--- START ---

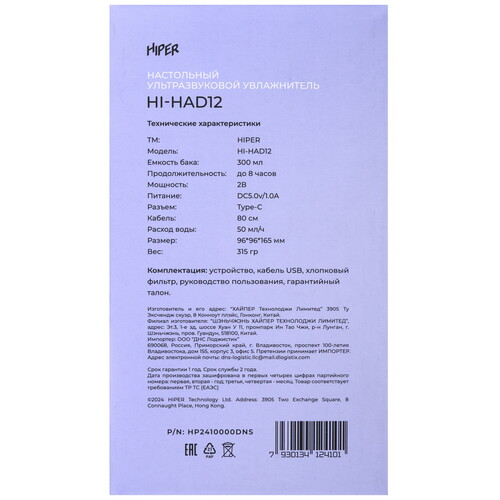 Увлажнитель воздуха HIPER HI-HAD12 [5459737]
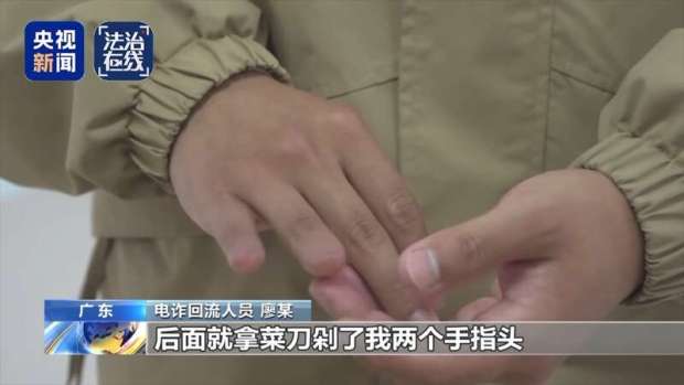 電詐迴流人員 廖某:在小黑屋裏面打我,七八個人一起打,棍子、PVC管、鞭子都有,四個手指的指甲都拿鉗子拔了,後面用菜刀剁了我兩個手指頭。
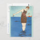 Art Deco style Illustration by George Barbier of a Young woman wearing a swim suit with a high-waisted ribbon bow and matching bathing cap. She is standing ankle deep in the ocean clutching a small crab in her left hand.

--- END ---

- _AIM OF THE EXERCISE_: Once more, please print the whole listing exactly, omitting each image.

- _OUTPUT_:
 Увлажнитель воздуха HIPER HI-HAD12 [5459737]
 電詐迴流人員 廖某:在小黑屋裏面打我,七八個人一起打,棍子、PVC管、鞭子都有,四個手指的指甲都拿鉗子拔了,後面用菜刀剁了我兩個手指頭。
 Art Deco style Illustration by George Barbier of a Young woman wearing a swim suit with a high-waisted ribbon bow and matching bathing cap. She is standing ankle deep in the ocean clutching a small crab in her left hand.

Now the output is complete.